*Work instructions:* The part below that opens with the line containing "Wenko 17829100 Scaffale" and closes with the line containing "Legendárny sovietsky tank" should be copied exactly, minus any pictures.

*Information shown:*

------------

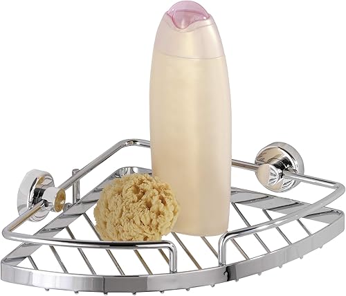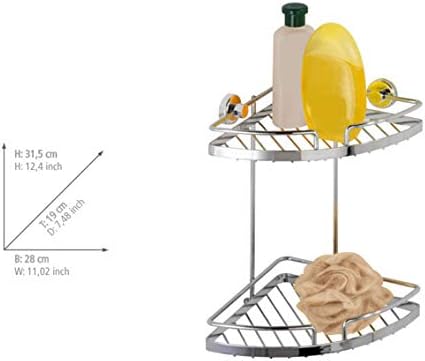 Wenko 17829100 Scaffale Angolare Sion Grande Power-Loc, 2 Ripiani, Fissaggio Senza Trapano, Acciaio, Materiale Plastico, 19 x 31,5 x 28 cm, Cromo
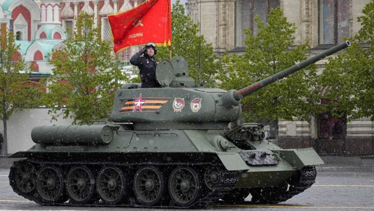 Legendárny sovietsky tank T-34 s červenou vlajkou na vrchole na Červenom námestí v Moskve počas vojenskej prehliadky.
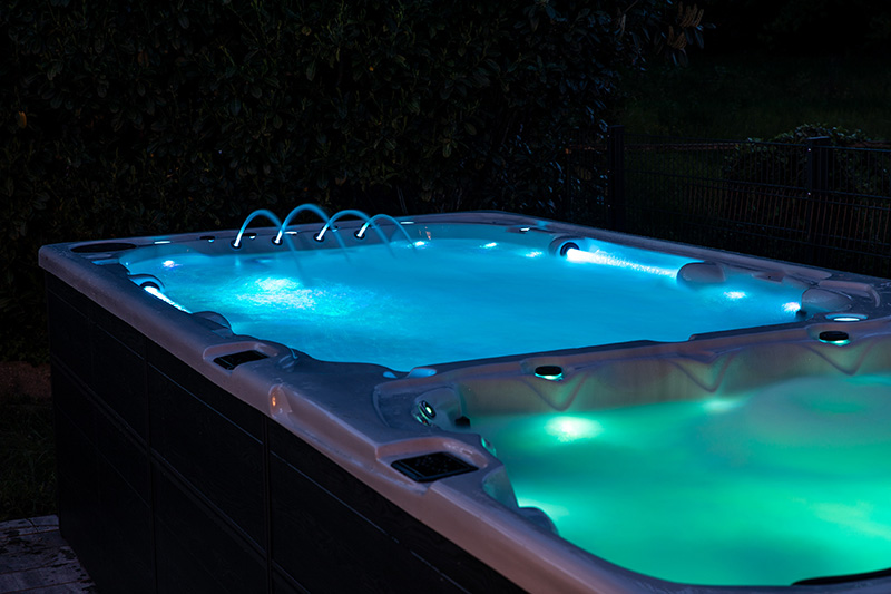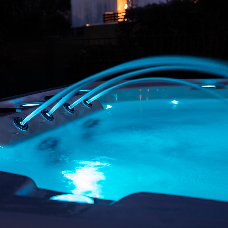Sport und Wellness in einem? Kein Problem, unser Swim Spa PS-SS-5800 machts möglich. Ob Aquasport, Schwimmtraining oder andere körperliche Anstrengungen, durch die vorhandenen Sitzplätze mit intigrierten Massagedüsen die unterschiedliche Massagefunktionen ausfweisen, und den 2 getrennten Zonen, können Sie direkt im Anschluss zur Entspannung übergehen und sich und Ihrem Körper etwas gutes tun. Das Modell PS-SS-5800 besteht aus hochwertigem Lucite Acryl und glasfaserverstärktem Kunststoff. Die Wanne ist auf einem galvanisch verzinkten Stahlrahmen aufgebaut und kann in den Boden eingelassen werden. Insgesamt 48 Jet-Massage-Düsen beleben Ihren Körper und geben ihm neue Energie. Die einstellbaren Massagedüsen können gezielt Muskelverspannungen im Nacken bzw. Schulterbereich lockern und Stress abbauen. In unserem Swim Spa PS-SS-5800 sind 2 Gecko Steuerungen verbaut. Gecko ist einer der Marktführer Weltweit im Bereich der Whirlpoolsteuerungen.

------------

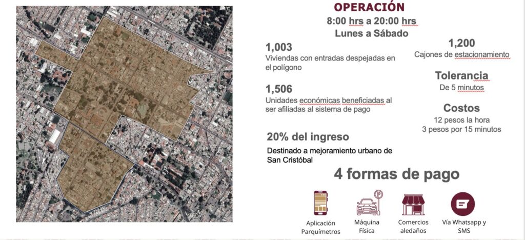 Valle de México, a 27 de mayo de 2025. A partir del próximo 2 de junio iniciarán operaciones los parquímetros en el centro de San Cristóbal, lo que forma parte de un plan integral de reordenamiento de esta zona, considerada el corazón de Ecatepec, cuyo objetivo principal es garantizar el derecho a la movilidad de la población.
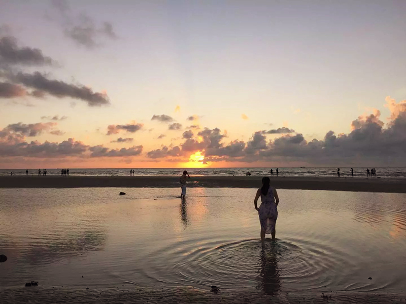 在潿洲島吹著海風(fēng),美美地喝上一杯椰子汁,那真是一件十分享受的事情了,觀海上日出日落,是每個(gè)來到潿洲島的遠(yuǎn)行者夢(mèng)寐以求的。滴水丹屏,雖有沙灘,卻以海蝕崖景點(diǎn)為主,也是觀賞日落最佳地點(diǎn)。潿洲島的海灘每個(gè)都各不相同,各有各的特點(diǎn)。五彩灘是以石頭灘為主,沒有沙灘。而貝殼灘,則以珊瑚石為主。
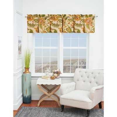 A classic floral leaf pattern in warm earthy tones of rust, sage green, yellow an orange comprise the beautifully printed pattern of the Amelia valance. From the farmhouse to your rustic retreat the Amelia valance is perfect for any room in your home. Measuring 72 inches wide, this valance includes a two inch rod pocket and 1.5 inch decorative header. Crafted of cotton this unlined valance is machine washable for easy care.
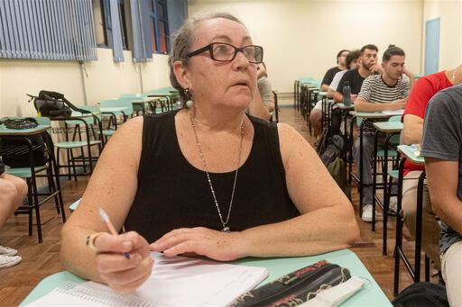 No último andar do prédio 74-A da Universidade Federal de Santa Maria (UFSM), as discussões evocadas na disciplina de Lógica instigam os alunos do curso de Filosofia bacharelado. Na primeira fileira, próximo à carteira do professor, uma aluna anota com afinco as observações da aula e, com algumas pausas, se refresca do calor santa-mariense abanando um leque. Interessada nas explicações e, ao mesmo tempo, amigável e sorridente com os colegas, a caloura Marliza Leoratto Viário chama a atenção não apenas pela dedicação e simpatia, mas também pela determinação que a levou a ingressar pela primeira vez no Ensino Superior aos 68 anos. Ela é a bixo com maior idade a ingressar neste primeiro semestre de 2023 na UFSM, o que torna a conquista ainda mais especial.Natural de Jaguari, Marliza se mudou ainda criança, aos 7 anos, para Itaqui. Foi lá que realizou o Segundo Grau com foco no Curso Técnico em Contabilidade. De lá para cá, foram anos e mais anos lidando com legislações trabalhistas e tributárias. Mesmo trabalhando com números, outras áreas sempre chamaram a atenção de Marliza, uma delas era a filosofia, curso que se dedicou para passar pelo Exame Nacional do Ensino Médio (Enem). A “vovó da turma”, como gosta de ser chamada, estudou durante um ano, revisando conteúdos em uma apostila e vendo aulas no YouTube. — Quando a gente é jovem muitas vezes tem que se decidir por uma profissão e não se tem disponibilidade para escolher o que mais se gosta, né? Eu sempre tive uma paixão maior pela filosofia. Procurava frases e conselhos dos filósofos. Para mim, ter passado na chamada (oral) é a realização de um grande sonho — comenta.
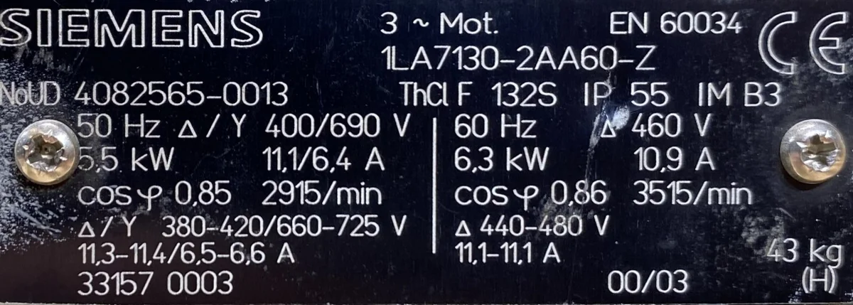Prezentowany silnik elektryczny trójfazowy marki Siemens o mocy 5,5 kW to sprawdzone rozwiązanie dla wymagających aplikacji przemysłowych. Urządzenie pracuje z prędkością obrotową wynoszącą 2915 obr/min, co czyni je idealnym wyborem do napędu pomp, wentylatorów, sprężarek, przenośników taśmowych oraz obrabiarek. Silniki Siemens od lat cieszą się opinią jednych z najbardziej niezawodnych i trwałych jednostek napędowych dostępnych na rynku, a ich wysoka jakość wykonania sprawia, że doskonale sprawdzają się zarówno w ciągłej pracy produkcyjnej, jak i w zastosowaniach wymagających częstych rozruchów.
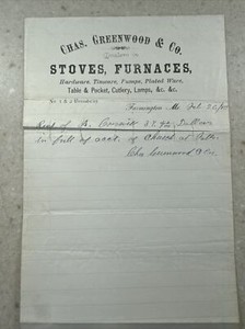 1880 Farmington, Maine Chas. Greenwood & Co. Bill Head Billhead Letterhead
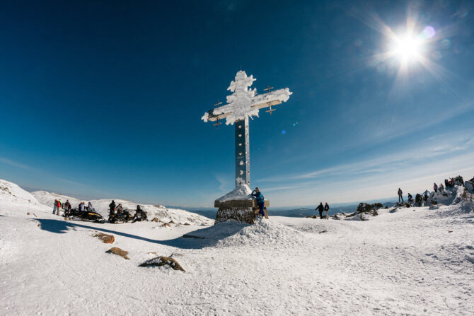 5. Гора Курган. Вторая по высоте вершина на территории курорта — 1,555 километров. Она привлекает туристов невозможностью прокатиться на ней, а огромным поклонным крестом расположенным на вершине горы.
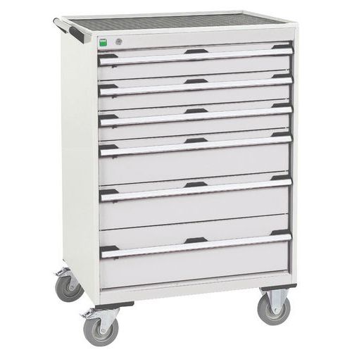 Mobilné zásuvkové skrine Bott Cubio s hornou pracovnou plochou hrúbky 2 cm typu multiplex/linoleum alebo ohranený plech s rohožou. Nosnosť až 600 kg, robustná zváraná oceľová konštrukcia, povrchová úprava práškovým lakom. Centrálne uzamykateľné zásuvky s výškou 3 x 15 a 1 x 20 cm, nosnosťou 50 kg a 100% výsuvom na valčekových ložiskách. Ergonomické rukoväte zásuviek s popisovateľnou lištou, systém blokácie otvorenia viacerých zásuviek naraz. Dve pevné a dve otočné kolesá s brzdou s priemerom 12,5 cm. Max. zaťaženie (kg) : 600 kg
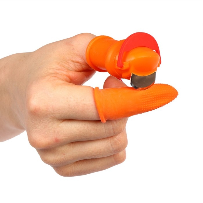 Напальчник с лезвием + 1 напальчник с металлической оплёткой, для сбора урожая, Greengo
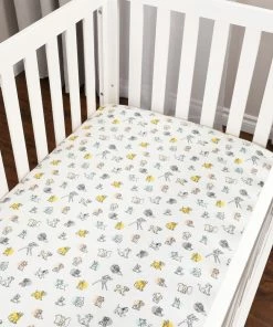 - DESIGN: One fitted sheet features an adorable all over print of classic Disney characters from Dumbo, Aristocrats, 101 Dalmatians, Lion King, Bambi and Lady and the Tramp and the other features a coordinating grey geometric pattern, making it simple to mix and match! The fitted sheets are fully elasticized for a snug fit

------------

*Output of the exercise:*
 Wenko 17829100 Scaffale Angolare Sion Grande Power-Loc, 2 Ripiani, Fissaggio Senza Trapano, Acciaio, Materiale Plastico, 19 x 31,5 x 28 cm, Cromo
 Legendárny sovietsky tank T-34 s červenou vlajkou na vrchole na Červenom námestí v Moskve počas vojenskej prehliadky.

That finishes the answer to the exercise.